This clinical content conforms to AAFP criteria for CME.

Author disclosure: No relevant financial relationships.

Clinical Question

What is the diagnostic accuracy (i.e., sensitivity, specificity, positive predictive value, and negative predictive value) of point-of-care antigen testing for the SARS-CoV-2 virus?

Evidence-Based Answer

SARS-CoV-2 antigen tests have an average sensitivity of 69.3% (95% CI, 66.2% to 72.3%) and specificity of 99.3% (95% CI, 99.2% to 99.3%). Accuracy depends on the presence or absence of symptoms, time from symptom onset, and test brand.1 (Strength of Recommendation: B, inconsistent or limited-quality patient-oriented evidence.)

Practice Pointers

The development of rapid diagnostic tests for the SARSCoV-2 virus has led to more access to testing. The goals of testing are earlier treatment and reduced transmission. The authors of the Cochrane review evaluated the accuracy of rapid diagnostic tests for SARS-CoV-2 infection.1

The current review is the first update; the first review was released in 2020 and includes studies published through March 2021. The current review includes 155 cohorts from 166 studies of a single brand of rapid antigen test, and 152 evaluations of 49 different antigen assays were studied. There were 100,462 unique samples, and the presence of the SARSCoV-2 virus was confirmed by polymerase chain reaction testing in 16,822 cases. Most studies (66%) were conducted in Europe, and the remainder were in Asia (11%), North America (10%), South America (9%), and Africa (2%).1

The average sensitivity and specificity of rapid antigen testing for SARS-CoV-2 infection were 69.3% (95% CI, 66.2% to 72.3%) and 99.3% (95% CI, 99.2% to 99.3%), respectively, based on 184 evaluations, 117,372 samples, and 21,017 confirmed SARS-CoV-2 cases. Average sensitivity was greater in those who had symptoms (73.0%; 95% CI, 69.3% to 76.4%; 109 evaluations; 50,574 samples; 11,662 confirmed SARSCoV-2 cases) vs. those without symptoms (54.7%; 95% CI, 47.7% to 61.6%; 50 evaluations; 40,956 samples; 2,641 confirmed SARS-CoV-2 cases). Average specificity was similar for patients who were symptomatic (99.1%) or asymptomatic (99.7%).
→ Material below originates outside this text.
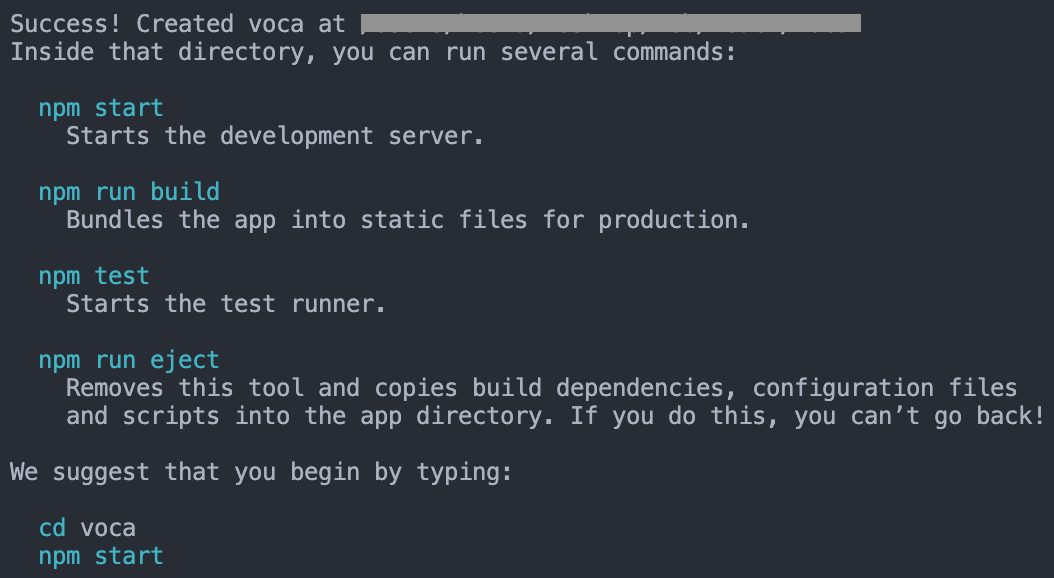 2. 리액트 파일 다운로드가 완료가 되면 아래와 같이 뜬다.

Sensitivity was higher in patients who had symptoms for one week or less (80.9%; 95% CI, 76.9% to 84.4%; 30 evaluations; 2,408 cases) compared with those in their second week of symptoms (53.8%; 95% CI, 48.0% to 59.6%; 40 evaluations; 1,119 cases).1

In patients who were asymptomatic at the time of testing, sensitivity was higher when epidemiologic exposure (i.e., contacts of patients with confirmed cases) to the SARSCoV-2 virus was suspected based on studies reporting specific criteria for testing or referral for testing in the absence of symptoms (64.3%; 95% CI, 54.6% to 73.0%; 16 evaluations; 7,677 samples; 703 cases). By contrast, when COVID-19 testing was reported to be widely available to any asymptomatic participant, sensitivity was lower (49.6%; 95% CI, 42.1% to 57.1%; 26 evaluations; 31,904 samples; 1,758 cases). Average specificity was similarly high in asymptomatic patients regardless of exposure to the SARS-CoV-2 virus (99.6% vs. 99.7%).1

As the prevalence of COVID-19 rises, the positive predictive value of antigen tests improves. If the prevalence of COVID-19 in a community is 5%, an average antigen test would have a positive predictive value of 81%. If the prevalence is 10%, the average antigen test would have a positive predictive value of 90%. If the prevalence is 20%, antigen tests have a much better positive predictive value (95%). The negative predictive value in all three situations would remain above 95%.1

Sensitivity varied widely among brands. Average sensitivities by brand ranged from 34.3% to 91.3% in symptomatic participants (20 assays with eligible data) and from 28.6% to 77.8% in asymptomatic participants (12 assays).1

The authors noted that there was a lack of evidence for commercially produced tests because they were able to locate evaluations for only 49 of the 321 available antigen tests.1 Only seven assays (AAZ, Abbott [BinaxNOW], BIONOTE, Denka Co, LumiraDx, Quidel, and Shenzhen Bioeasy) met the World Health Organization acceptable sensitivity standard of 80%; the 95% CIs of all but one of these tests (BIONOTE Nowcheck) crossed the 80% threshold.2 A limitation of the review was the lack of inclusion of the SARS-CoV-2 variants, such as Delta and Omicron.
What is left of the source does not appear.